J’ai déjà travaillé dans la fonction publique et je ne suis pas étranger à la paperasse, mais c’était un autre niveau.

Le point critique est le suivant: quand j’ai commencé à cueillir des raisins, et même quand j’avais fini, je n’avais absolument aucune idée de si je recevrais la prime.

Cueillette de cerises à Young, New South Wales, Australie.
Cueillette de cerises à Young, New South Wales, Australie. Photographie: Xinhua / REX / Shutterstock

Il n’y a aucune incitation à travailler si les incitations elles-mêmes ne sont pas assurées d’être accordées. Par définition, ce n’est pas vraiment une incitation, mais un pari. Le gouvernement fédéral demande aux Australiens «paresseux» de prendre un pari financier et personnel, en leur demandant de déménager à trois heures de distance de leur famille et de leurs amis, de débourser 200 dollars par semaine d’avance sur le logement, d’autres encore sur le carburant, en plaçant leur confiance dans les agriculteurs et l’emploi. services dont ils n’ont jamais entendu parler ou rencontrés. Ce sont les personnes les plus susceptibles d’avoir un faible revenu ou pas de revenu du tout, les personnes qui sont le moins en mesure de se permettre ce genre de pari.


UNEt 28 ans, j’étais quelque part au milieu d’une distribution excentrique qui comprenait des sortants de l’école, des vagabonds itinérants et des nomades gris. Un volume élevé de Sud-Américains signifiait que l’espagnol était la langue principale (et le reggaeton le son principal des haut-parleurs Bluetooth), mais il y avait également une influence européenne, africaine et asiatique.
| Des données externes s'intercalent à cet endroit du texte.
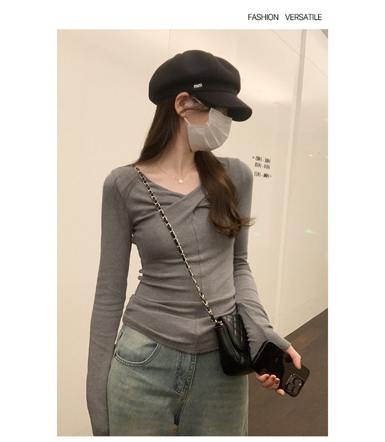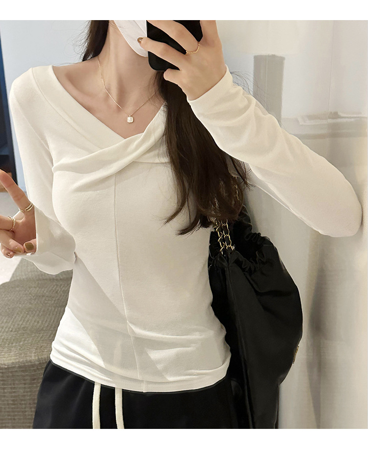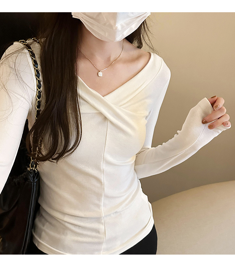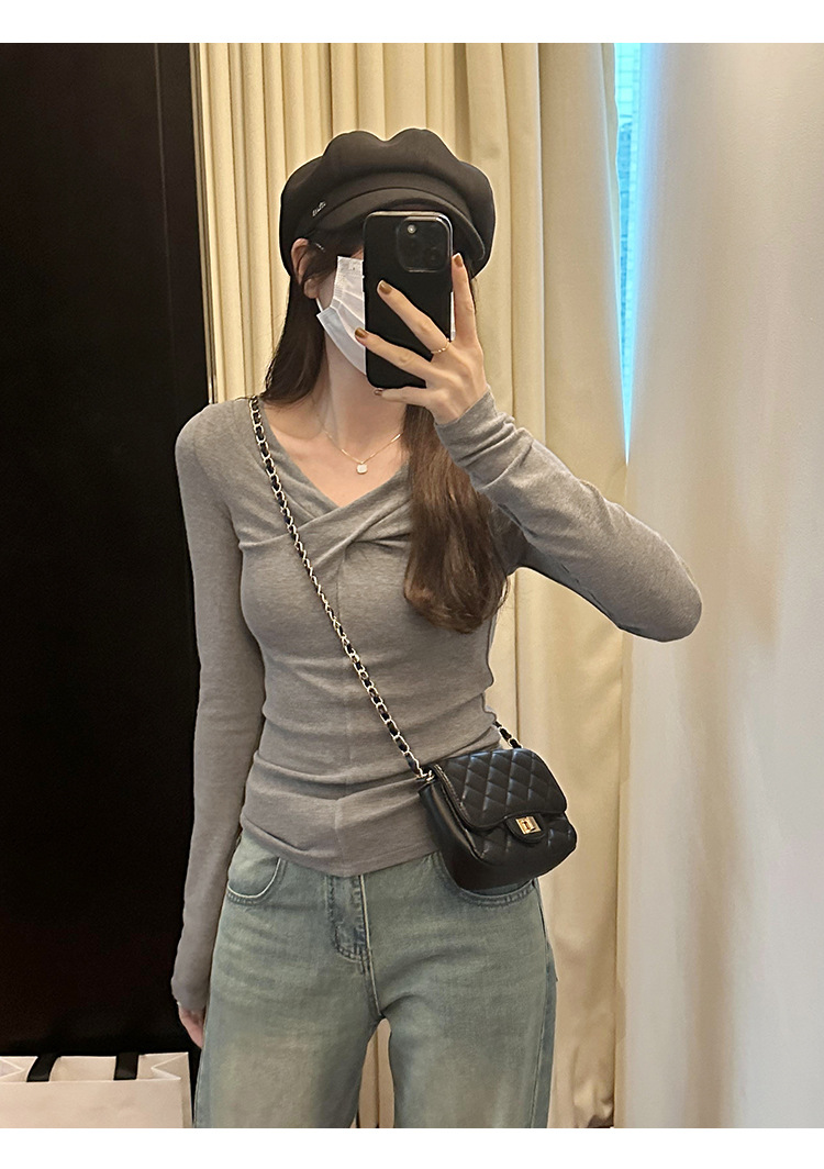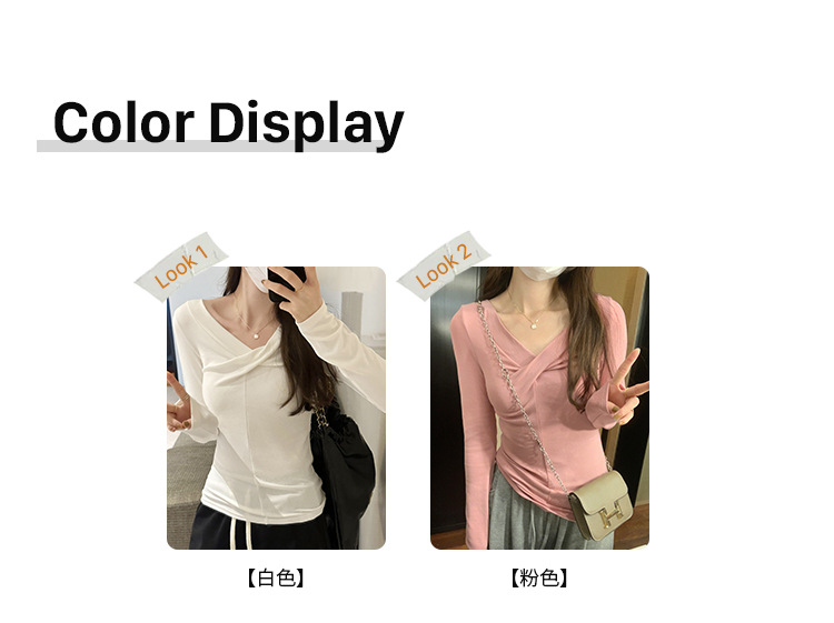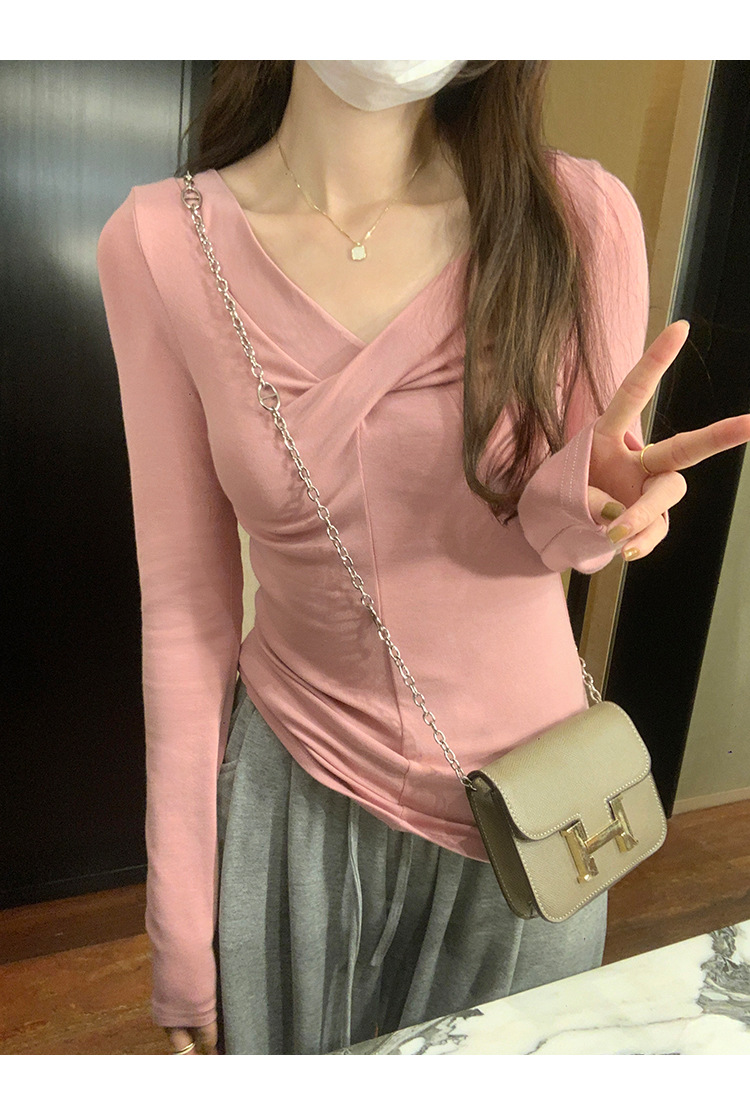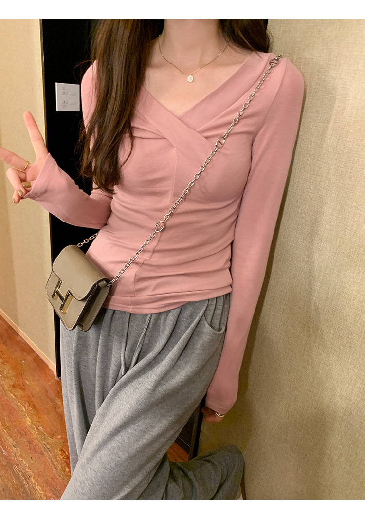 【纯色内搭V领打底衫】秋冬新款 设计感修身显瘦短款长袖上衣ins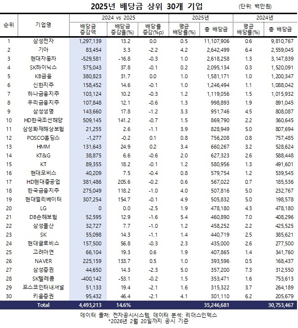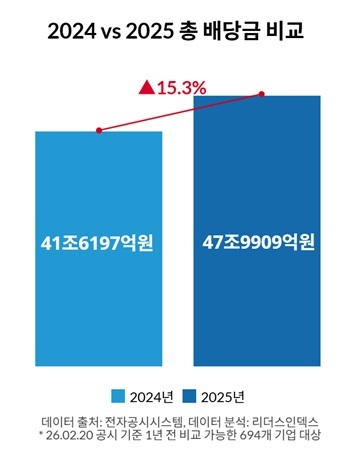 24일 기업분석기관 리더스인덱스가 국내 상장사 2651곳 중 2월 20일까지 현금·현물배당 공시를 완료하고 전년도와 비교 가능한 694개사의 2024·2025년도 배당 현황을 분석한 결과, 이들 기업의 전체 배당금은 41조6197억원에서 47조9909억원으로 15.3%(6조3712억원) 증가했다.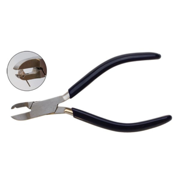 Another new idea to save time and assure that the job is done correctly. Pliers are shaped similar to other stone setting pliers, but one jaw is grooved and notched so that earring setting can be inserted as pictured. Gently squeeze and the prong folds over perfectly every time. Pliers are stainless steel and precision engineered to last a lifetime. Length 5-1/4" (135mm).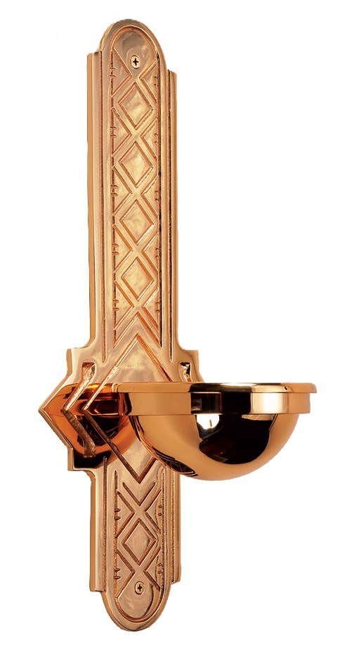 This cast bronze holy water font features an elongated, engraved back plate with refined geometric detailing that lends a dignified architectural presence to any entrance or devotional space. Its polished basin is offered with either a 3‑inch or 5‑inch bowl, each supplied with a clear plastic liner for practical maintenance and long‑term durability. The warm bronze finish and elegant contours create a timeless, reverent accent suited to traditional liturgical settings.

Une Indonésienne au milieu de la cinquantaine a acquis une petite renommée pour avoir cueilli à un rythme à peine crédible.

Un rapport d’Ernst and Young de la fin de l’année dernière suggère que l’Australie a une pénurie estimée de 26 000 travailleurs. Les cultures ont été laissées pourrir ou labourées en paillis. Le Registre national des cultures perdues évalue actuellement des pertes de plus de 52 millions de dollars de fruits et légumes frais à travers le pays.

À Margaret River, la situation n’est pas aussi mauvaise, mais certains producteurs ont encore recours à l’aide de leur famille et de leurs amis et, en dernier recours, à la cueillette à la machine de vieilles vignes précieuses.

La pénurie exacerbe une offre de main-d’œuvre déjà à la pointe, selon l’expert de l’industrie, le Dr Joanna Howe, qui a dirigé plusieurs projets de recherche majeurs examinant la question de la main-d’œuvre dans l’horticulture.

«Je ressens beaucoup de sympathie pour les producteurs qui n’ont pas reçu le cadre nécessaire pour créer une main-d’œuvre durable», dit-elle.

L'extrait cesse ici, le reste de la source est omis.